语音转文本 REST API 用于批量听录和自定义语音识别。本文介绍版本 3.1 到 3.2 的更改内容。

重要

语音转文本 REST API v3.2 以预览版提供。语音转文本 REST API v3.1 已正式发布。语音转文本 REST API v3.0 将于 2026 年 4 月 1 日停用。有关详细信息，请参阅语音转文本 REST API v3.0 到 v3.1 和 v3.1 到 v3.2 迁移指南。

基础路径

必须在代码中将基础路径从 /speechtotext/v3.1 更新为 /speechtotext/v3.2-preview.2。例如，若要获取 eastus 区域中的基础模型，请使用 https://eastus.api.cognitive.microsoft.com/speechtotext/v3.2-preview.2/models/base 而非 https://eastus.api.cognitive.microsoft.com/speechtotext/v3.1/models/base。

有关详细信息，请参阅本指南后面的操作 ID。

批量听录

重要

新定价对通过语音转文本 REST API v3.2 进行的批量听录有效。有关详细信息，请参阅定价指南。

后向兼容性限制

请勿使用语音转文本 REST API v3.0 或 v3.1 检索通过语音转文本 REST API v3.2 创建的听录。你可能会看到如下错误消息：“此 API 版本不能用于访问此听录。请使用 API v3.2 或更高版本。”

语言识别模型

LanguageIdentificationMode 作为 candidateLocales 和 speechModelMapping 的同级添加到 LanguageIdentificationProperties。可用于语言识别的模型为 Continuous 或 Single。连续语言识别是默认值。有关详细信息，请参阅语言识别。

Whisper 模型

Azure AI 语音现在通过语音转文本 REST API v3.2 支持 OpenAI 的 Whisper 模型。要了解详细信息，请查看创建批量听录指南。

注意

Azure OpenAI 服务还支持通过同步 REST API 使用 OpenAI 的 Whisper 模型的语音转文本功能。若要了解详细信息，请查看快速入门。请查看什么是耳语模型？，详细了解何时使用 Azure AI 语音与 Azure OpenAI 服务。

自定义语音

重要

如果基础模型是在 2023 年 10 月 1 日及以后创建的，则你需要支付自定义语音模型训练的费用。如果基础模型是在 2023 年 10 月之前创建的，则无需支付训练费用。有关详细信息，请参阅 Azure AI 语音定价。

若要以编程方式确定是在 2023 年 10 月 1 日之前还是 2023 年 10 月 1 日之后创建模型，请使用版本 3.2 中新增的 chargedForAdaptation 属性。

自定义显示文本格式设置

为支持使用自定义显示文本格式数据进行模型适应，Datasets_Create 操作支持 OutputFormatting 数据类型。有关详细信息，请参阅上传数据集。

为具有 Lexical 和 Display 枚举值的 OutputFormatType 添加了定义。

"OutputFormatType": {
    "title": "OutputFormatType",
    "enum": [
        "Lexical",
        "Display"
    ],
    "type": "string",
    "x-ms-enum": {
        "name": "OutputFormatType",
        "modelAsString": true,
        "values": [
            {
                "value": "Lexical",
                "description": "Model provides the transcription output without formatting."
            },
            {
                "value": "Display",
                "description": "Model supports display formatting transcriptions output or endpoints."
            }
        ]
    }
},

OutputFormattingData 枚举值将添加到 FileKind（输入数据类型）。

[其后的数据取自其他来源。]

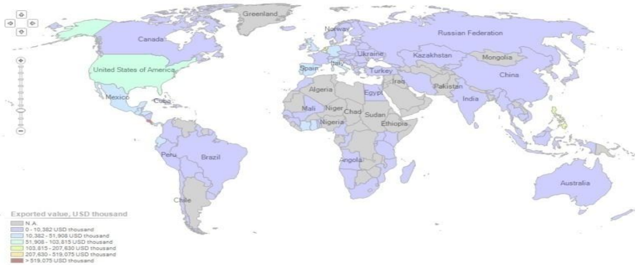
List of exporting countries for the selected product in 2018 Product : 080430 Fresh or dried pineapples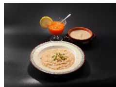
【地域野菜を使った商品】 (白花豆・人参・馬鈴薯)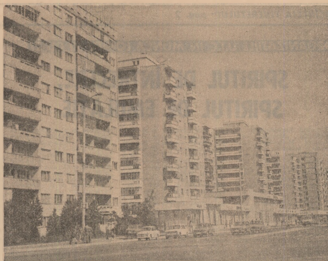
Imagine din Buzău

supportedOutputFormat 属性已添加到 BaseModelFeatures。此属性在 BaseModel 定义范围内。

"BaseModelFeatures": {
    "title": "BaseModelFeatures",
    "description": "Features supported by the model.",
    "type": "object",
    "allOf": [
        {
            "$ref": "#/definitions/SharedModelFeatures"
        }
    ],
    "properties": {
        "supportsAdaptationsWith": {
            "description": "Supported dataset kinds to adapt the model.",
            "type": "array",
            "items": {
                "$ref": "#/definitions/DatasetKind"
            },
            "readOnly": true
        },
        "supportedOutputFormat": {
            "description": "Supported output formats.",
            "type": "array",
            "items": {
                "$ref": "#/definitions/OutputFormatType"
            },
            "readOnly": true
        }
    }
},

调整费用

chargeForAdaptation 属性已添加到 BaseModelProperties。此属性在 BaseModel 定义范围内。

重要

如果 chargeForAdaptation 的值为 true，则需为训练模型付费。如果值为 false，则需为训练模型付费。使用 chargeForAdaptation 属性而不是创建日期以编程方式确定是否需要为模型训练付费。

"BaseModelProperties": {
    "title": "BaseModelProperties",
    "type": "object",
    "properties": {
        "deprecationDates": {
            "$ref": "#/definitions/BaseModelDeprecationDates"
        },
        "features": {
            "$ref": "#/definitions/BaseModelFeatures"
        },
        "chargeForAdaptation": {
            "description": "A value indicating whether model adaptation is charged.",
            "type": "boolean",
            "readOnly": true
        }
    }
},

文本规范化

textNormalizationKind 属性已添加到 DatasetProperties。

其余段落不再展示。